New objects uploaded to source are automatically replicated to destination. Replication happens asynchronously (may take a few seconds). Existing objects are not replicated (only new uploads after replication is enabled).
Storage Classes
S3 has different storage classes based on how often you access data and cost. Pick the one that fits your needs.

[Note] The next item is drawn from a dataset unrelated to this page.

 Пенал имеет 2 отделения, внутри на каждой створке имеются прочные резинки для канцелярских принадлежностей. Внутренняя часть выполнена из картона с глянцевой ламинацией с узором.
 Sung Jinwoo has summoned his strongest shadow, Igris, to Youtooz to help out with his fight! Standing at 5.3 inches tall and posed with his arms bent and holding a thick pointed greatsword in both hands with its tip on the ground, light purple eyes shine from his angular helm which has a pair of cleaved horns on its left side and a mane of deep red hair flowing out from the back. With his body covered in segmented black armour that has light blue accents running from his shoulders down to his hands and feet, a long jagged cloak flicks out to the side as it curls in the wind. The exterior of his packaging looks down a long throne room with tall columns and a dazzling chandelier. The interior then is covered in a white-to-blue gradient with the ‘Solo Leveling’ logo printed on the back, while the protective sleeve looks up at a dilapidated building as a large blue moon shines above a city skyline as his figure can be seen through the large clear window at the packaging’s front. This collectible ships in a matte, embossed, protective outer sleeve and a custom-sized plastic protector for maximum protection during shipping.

Storage class is per object, not per bucket. When uploading, you choose the storage class. Don’t specify? Defaults to Standard. You can change it later or use lifecycle policies to automatically move objects around.

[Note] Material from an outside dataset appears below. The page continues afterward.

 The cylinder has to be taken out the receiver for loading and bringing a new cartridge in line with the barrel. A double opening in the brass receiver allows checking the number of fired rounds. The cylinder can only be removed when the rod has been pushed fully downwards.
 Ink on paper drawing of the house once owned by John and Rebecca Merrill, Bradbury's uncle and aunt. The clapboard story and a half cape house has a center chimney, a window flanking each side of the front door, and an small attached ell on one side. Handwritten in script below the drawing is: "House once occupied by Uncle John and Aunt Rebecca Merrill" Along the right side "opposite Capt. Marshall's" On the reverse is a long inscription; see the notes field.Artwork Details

For detailed comparison, see AWS S3 Storage Classes Comparison.
Minimum Storage Duration: If you delete or move an object before the minimum duration, you’re charged for the full minimum period. Example: Move to Standard-IA, delete after 10 days → charged for 30 days.
Applies to: Standard-IA (30 days), One Zone-IA (30 days), Glacier Instant Retrieval (90 days), Glacier Flexible Retrieval (90 days), Glacier Deep Archive (180 days).
Things to remember:
- You can change storage class anytime (lifecycle policies automate this)
- Lower cost = longer retrieval time or higher retrieval fees
- Use lifecycle policies to automatically move objects to cheaper classes as they age
- Standard is default for new uploads
S3 Express One Zone
Express One Zone is the fastest S3 storage class - designed for latency-sensitive stuff. Single-digit millisecond access, up to 10x faster than Standard.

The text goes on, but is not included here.